> [Requirement]: Begin at the line that holds "on „Eurolines app." and retype every line through the end of the material, both included. Leave out the pictures.

◆ ◆ ◆ ◆ ◆

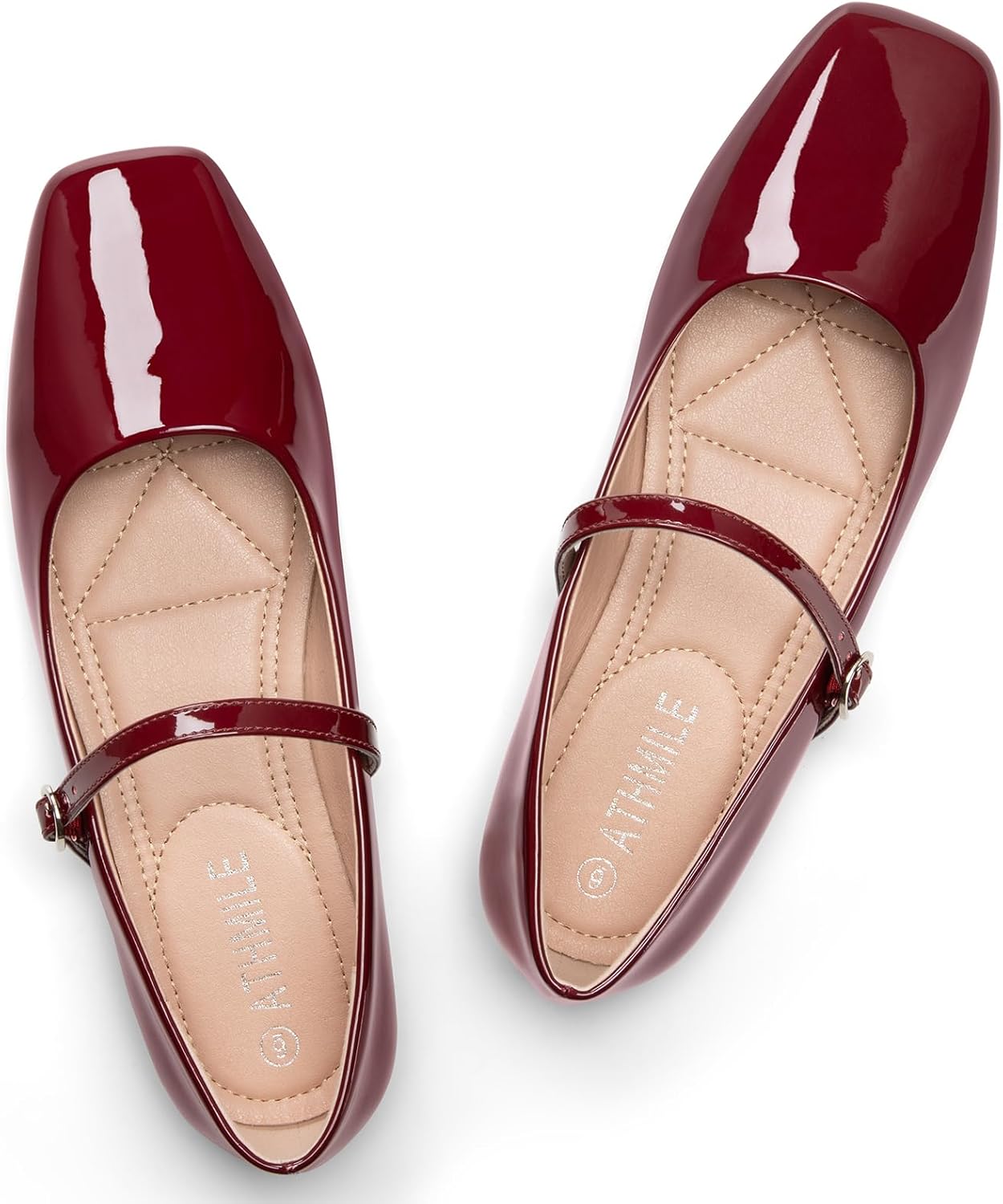 ATHMILE Mary Jane Shoes Women Ballet Flats Shoes for Women Slip on Comfortable Dressy Adjustable Strap for Work Office Business Casual
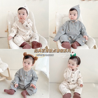 Set áo liền quần tay dài + mũ đội họa tiết quả lê cho bé sơ sinh
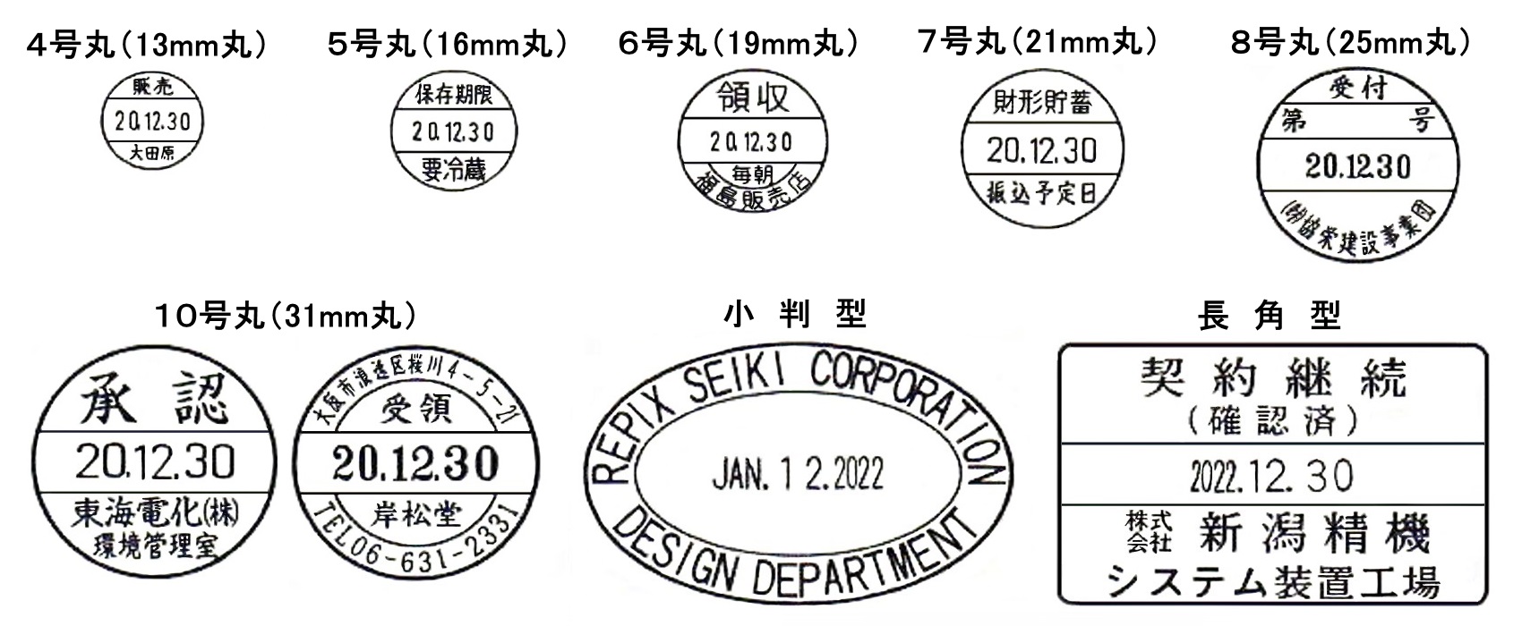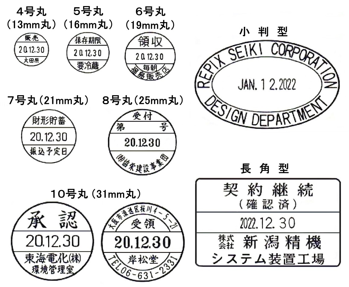 - データー印のタイプは2種類で、普通紙捺印用(リピエックス)と非吸収面捺印用(スペシャルリピエックス)がございます。 また、サイズ展開は全9サイズと豊富です。使用用途に応じた種類、サイズ、形状をお選び下さい。
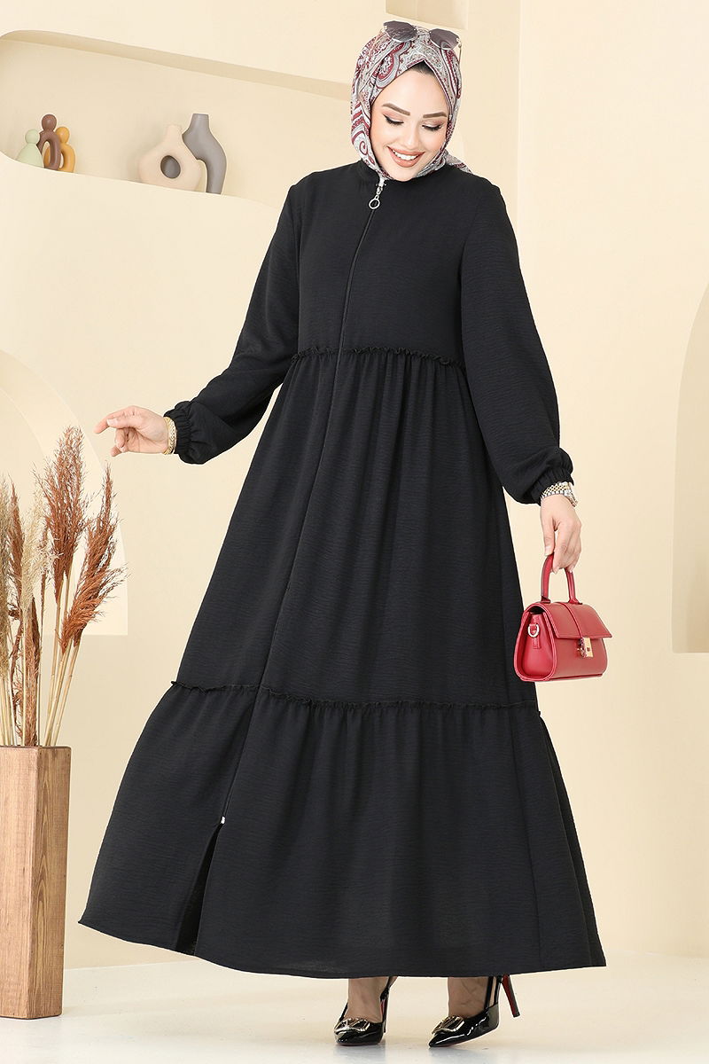 The Layered Skirt Abaya is a modest wear item crafted from aerobin fabric, suitable for all seasons. It can be washed at 30 degrees on a delicate cycle, highlighting its practical design. The product features a demi-mandarin collar, is unlined, and includes a front zipper, making it easy to wear and remove. It also has elastic cuffs, combining elegance with comfort. This model is displayed in size 38 with the following measurements: Height: 165 cm, Bust: 88 cm, Waist: 68 cm, Hips: 99 cm, Weight: 56 kg.
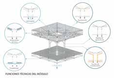 Sistema estructural de módulos prefabricados que optimiza el funcionamiento y construcción de la vivienda.
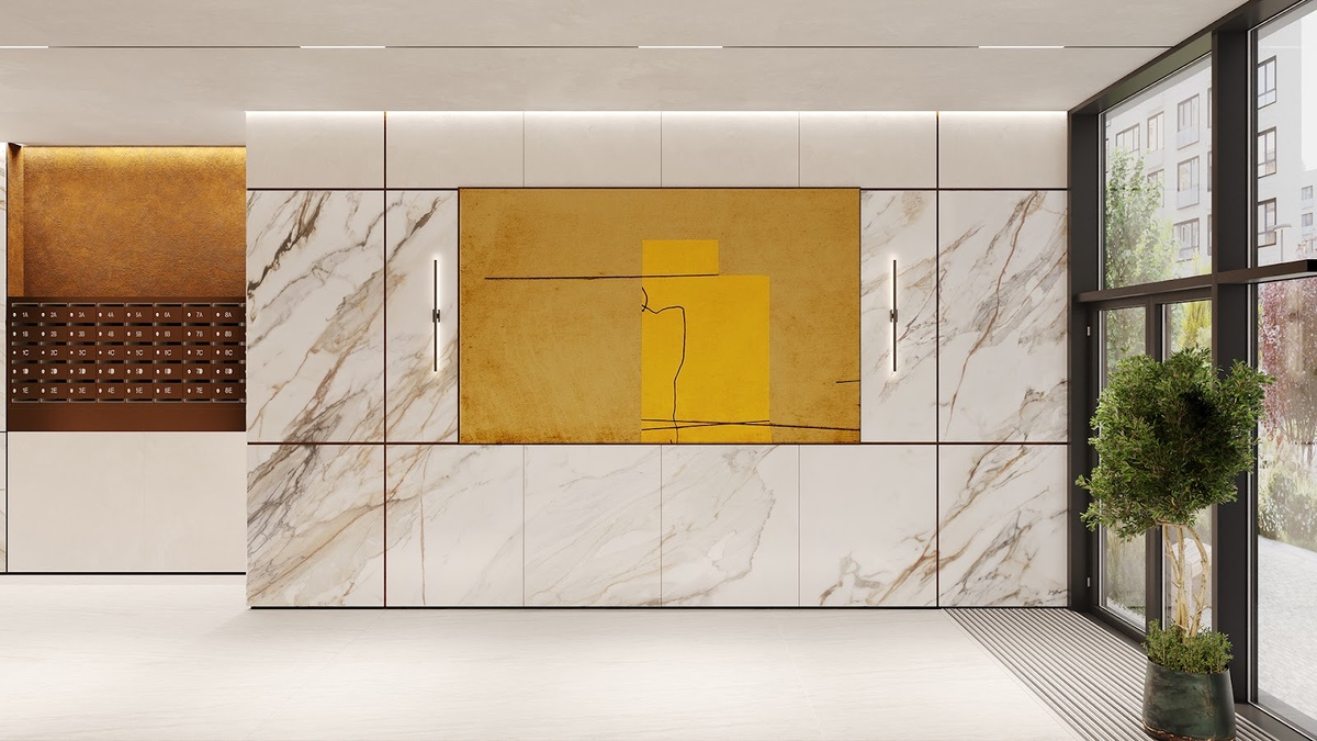 Места общего пользования (МОПы) имеют важное значение в формировании облика современного жилого комплекса. Когда-то это были просто функциональные зоны — лестницы, коридоры и лифтовые холлы. Однако с развитием архитектуры и дизайна эти пространства стали неотъемлемой частью концепции дома. Кладовые, колясочные, стильные лобби, которые напоминают лаунж-зоны, становятся стандартом качественного жилья. Места общего пользования В квартале «Гранатовый» МОПы спроектированы так, чтобы объединить современный стиль и практичность. Здесь используются качественные материалы, которые делают интерьер выразительным и долговечным. Особое внимание уделено деталям отделки. Кортеновская сталь с теплым оранжево-коричневым оттенком придает пространствам характер и гармонично сочетается с другими материалами, а крупноформатный керамогранит с текстурой мрамора добавляет объем. Цветовые решения вдохновлены природой региона. Материалы, которые украшают интерьеры и органично связывают архитектуру с окружающим
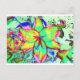 Elegant retro boho abstract green pink floral postcard
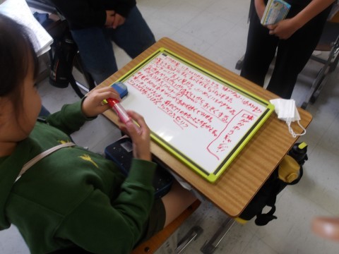 自分たちでつくったCMを作り直しています。6年生からもらったアンケートをもとに自分たちのCMの改善点を話し合っています。
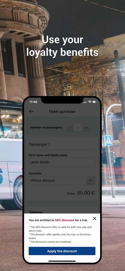 Travel with „Eurolines“ and save money with our loyalty program! Purchase three tickets and get the fourth ticket at half price! All you need to do is purchase 3 tickets for international trips on „Eurolines app.
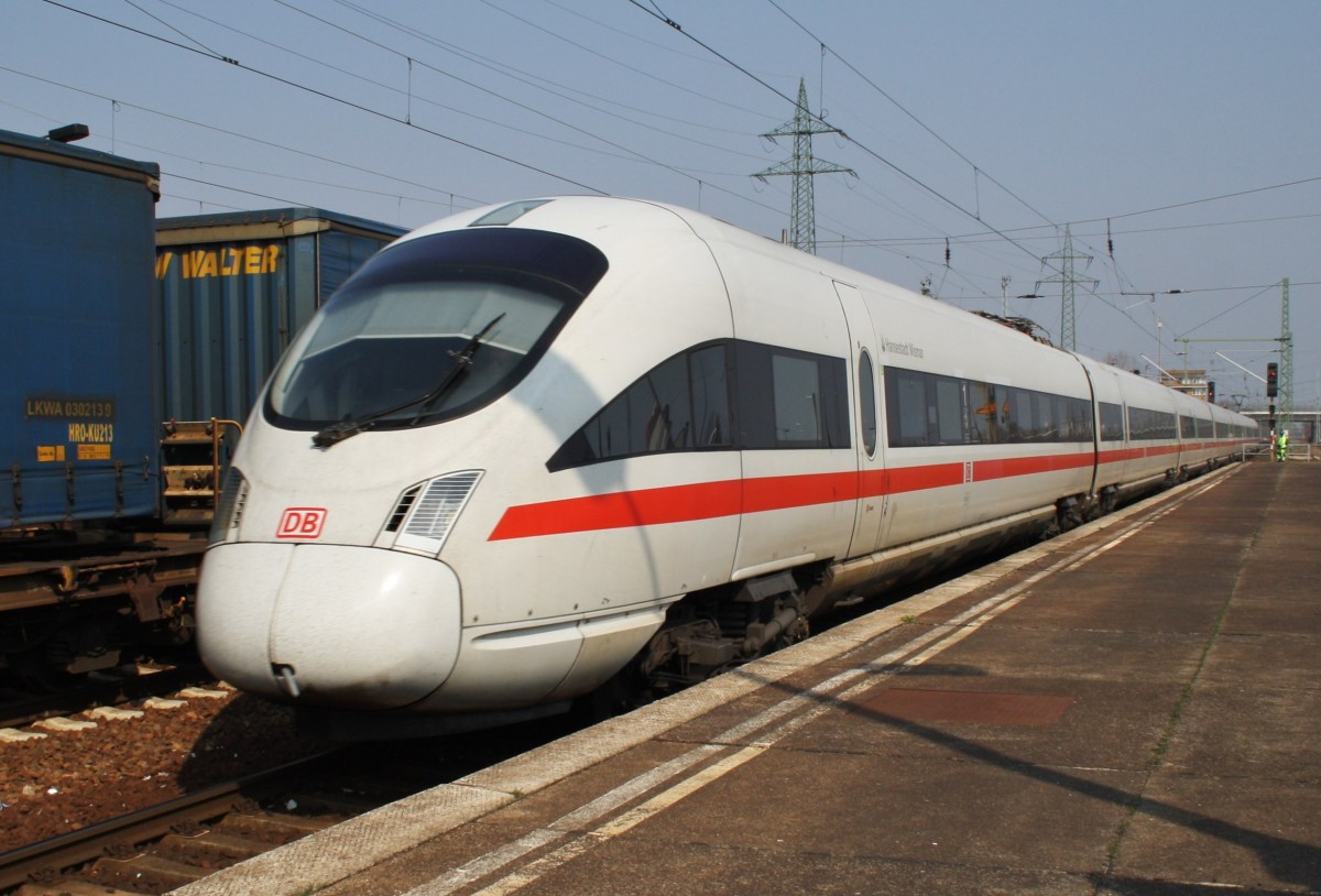 Hier 411 008-6  Hansestadt Wismar  als Leerzug von Berlin Rummelsburg nach Berlin Südkreuz, bei der Durchfahrt am 29.3.2014 durch Berlin Schönefeld Flughafen, in Richtung Gensahgener Heide.
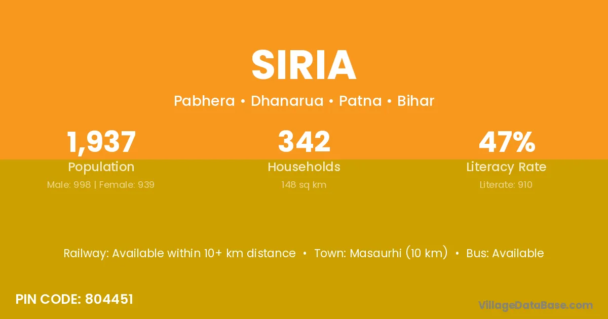 Banka (44 km) is the nearest town to Siria village for major economic activities and is located approximately 44 km away.

◆ ◆ ◆ ◆ ◆

> [Result]:
 Travel with „Eurolines“ and save money with our loyalty program! Purchase three tickets and get the fourth ticket at half price! All you need to do is purchase 3 tickets for international trips on „Eurolines app.
 Hier 411 008-6  Hansestadt Wismar  als Leerzug von Berlin Rummelsburg nach Berlin Südkreuz, bei der Durchfahrt am 29.3.2014 durch Berlin Schönefeld Flughafen, in Richtung Gensahgener Heide.
 Banka (44 km) is the nearest town to Siria village for major economic activities and is located approximately 44 km away.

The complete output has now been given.